Por ello, en la Opinión Consultiva 32 destaca la relevancia de los conocimientos indígenas con énfasis en el rol de las mujeres indígenas, al tiempo que reclama que se tomen medidas de protección de estos saberes, las tierras y territorios indígenas, así como combatir los delitos que se cometen contra los defensores ambientales.
Si miramos el panorama general, encontraremos muchos ejemplos de reconocimiento de los derechos de la naturaleza.
Sin pretender agotar la nómina, mencionemos que en Colombia, en 2016, la Corte Constitucional reconoció derechos al río Atrato y en 2018 a la Amazonia; en Perú, antes de los casos comentados, un Juzgado de Nauta reconoció derechos al río Marañón; en Estados Unidos hay casos de reconocimiento de derechos en Toledo, Ohio y en Santa Mónica, California.
En Europa, hay ejemplos muy recientes en Alemania (en 2024, Tribunal del distrito de Erfurt); en España, en 2024, el Ayuntamiento de Serra de Outes de Galicia aprobó por unanimidad la Declaración de Derechos del río Tins; en ese mismo país, en 2022, una norma jurídica reconoció la personalidad jurídica a la laguna del Mar Menor y su cuenca.
Hay casos similares en países de otras regiones como Bangladesh o Nueva Zelanda, por citar algunos.
Una necesidad epocal
Las crisis superpuestas que afronta la humanidad pero en especial los sectores menos favorecidos (la inmensa mayoría), a pesar de los relatos ocultadores generadores de ilusiones insostenibles, cada día exigen encontrar respuestas concretas a los problemas más urgentes.

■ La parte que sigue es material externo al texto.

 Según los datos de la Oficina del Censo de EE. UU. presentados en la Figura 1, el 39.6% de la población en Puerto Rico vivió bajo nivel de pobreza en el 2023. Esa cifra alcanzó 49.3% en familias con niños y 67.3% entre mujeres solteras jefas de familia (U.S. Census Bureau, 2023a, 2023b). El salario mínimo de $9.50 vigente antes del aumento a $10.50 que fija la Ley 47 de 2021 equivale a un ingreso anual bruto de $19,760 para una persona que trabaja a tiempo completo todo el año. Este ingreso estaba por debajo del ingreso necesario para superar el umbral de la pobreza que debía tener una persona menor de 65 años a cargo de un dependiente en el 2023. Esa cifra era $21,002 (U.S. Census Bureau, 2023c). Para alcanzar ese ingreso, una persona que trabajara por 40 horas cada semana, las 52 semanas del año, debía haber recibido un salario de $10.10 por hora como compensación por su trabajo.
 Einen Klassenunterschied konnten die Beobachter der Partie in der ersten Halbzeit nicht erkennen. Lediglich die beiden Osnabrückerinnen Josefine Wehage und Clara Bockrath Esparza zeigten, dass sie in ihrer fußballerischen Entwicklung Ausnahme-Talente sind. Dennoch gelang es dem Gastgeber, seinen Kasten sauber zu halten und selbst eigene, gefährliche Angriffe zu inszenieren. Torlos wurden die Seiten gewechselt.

Parece una obviedad, pero sin naturaleza nada nos quedará, nada tendrá sentido, ni el dinero, ni la fama, ni el poder; absolutamente nada tendrá sentido.

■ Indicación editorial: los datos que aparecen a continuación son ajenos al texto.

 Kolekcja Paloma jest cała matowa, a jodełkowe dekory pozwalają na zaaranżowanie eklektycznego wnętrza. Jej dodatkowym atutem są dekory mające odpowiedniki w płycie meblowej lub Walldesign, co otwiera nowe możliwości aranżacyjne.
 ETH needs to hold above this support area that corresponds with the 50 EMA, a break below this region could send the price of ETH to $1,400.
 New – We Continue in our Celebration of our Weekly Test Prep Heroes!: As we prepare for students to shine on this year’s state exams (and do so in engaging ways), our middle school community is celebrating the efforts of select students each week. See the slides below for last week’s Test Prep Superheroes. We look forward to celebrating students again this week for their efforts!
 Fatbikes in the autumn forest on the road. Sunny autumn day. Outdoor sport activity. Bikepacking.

Por ello, en medio de las guerras interminables que solo parecen tener utilidad concreta para los fabricantes y vendedores de armas, sigue habiendo personas y colectivos que dedican sus esfuerzos a mantener la vida en lugar de promover la muerte.

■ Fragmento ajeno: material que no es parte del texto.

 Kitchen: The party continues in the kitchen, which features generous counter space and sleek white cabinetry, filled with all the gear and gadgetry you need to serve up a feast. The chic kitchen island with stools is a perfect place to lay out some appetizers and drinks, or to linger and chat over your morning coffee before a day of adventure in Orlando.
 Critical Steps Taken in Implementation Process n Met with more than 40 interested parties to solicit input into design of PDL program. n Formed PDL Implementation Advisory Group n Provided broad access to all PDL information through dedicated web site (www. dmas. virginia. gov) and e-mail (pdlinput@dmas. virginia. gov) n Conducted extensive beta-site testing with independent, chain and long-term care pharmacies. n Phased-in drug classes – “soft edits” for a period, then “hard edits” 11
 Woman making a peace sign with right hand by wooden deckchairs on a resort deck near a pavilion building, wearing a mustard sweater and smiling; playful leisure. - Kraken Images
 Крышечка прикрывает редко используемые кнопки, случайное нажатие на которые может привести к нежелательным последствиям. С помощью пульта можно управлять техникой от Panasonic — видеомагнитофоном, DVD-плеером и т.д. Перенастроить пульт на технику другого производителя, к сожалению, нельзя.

A estas alturas, no cabe duda de que la o las alternativas al actual sistema imperante tienen que colocar en un lugar prioritario el mantener, y mejor si es recuperar, el ambiente en que aún vivimos, la naturaleza, la Pachamama.
Como brillantemente lo sintetizara Zaffaroni, a esa certeza se llega desde distintos lugares, desde la ciencia y también desde las culturas ancestrales:
Se trata de “…un encuentro entre una cultura científica que se alarma y otra tradicional que ya conocía el peligro”. [5]
Declarar sujetos de derechos a un mar, un río, un lago o a las abejas no son episodios curiosos, folclóricos o utópicos, son pasos concretos de colectivos conscientes de la realidad que afrontamos; acciones que deberían valorarse e imitarse.
[1] Según datos de la BDPI Base de datos de Pueblos Indígenas u Originarios del Perú.
[2] Antonio Demetrio, R., Cárdenas León, D., Delgado, C., Correa, R., & Espinoza, R. V. (2025). Traditional ecological knowledge on stingless bees in two Ashaninka communities in the central rainforest of Peru. Ethnobiology and Conservation, 14.
[3] Gobierno Regional de Puno, ordenanza regional que declara de preferente interés regional el reconocimiento del lago Titicaca y sus afluentes como sujeto de derecho, OOOO11-2025-GPR-GR Puno, publicada el 7 de agosto de 2025.
[4] Corte Suprema de Justicia de Lima, Tercer Juzgado Especializado en lo Constitucional, Sentencia Resolución Nº 11, Zorro Run Run, expediente 04921-2021-0-1801-JR-DC-03, junio de 2024.
[5] Zaffaroni, E. R. (2011). La Pachamama y el humano. Ediciones Madres de Plaza de Mayo; Ediciones Colihue.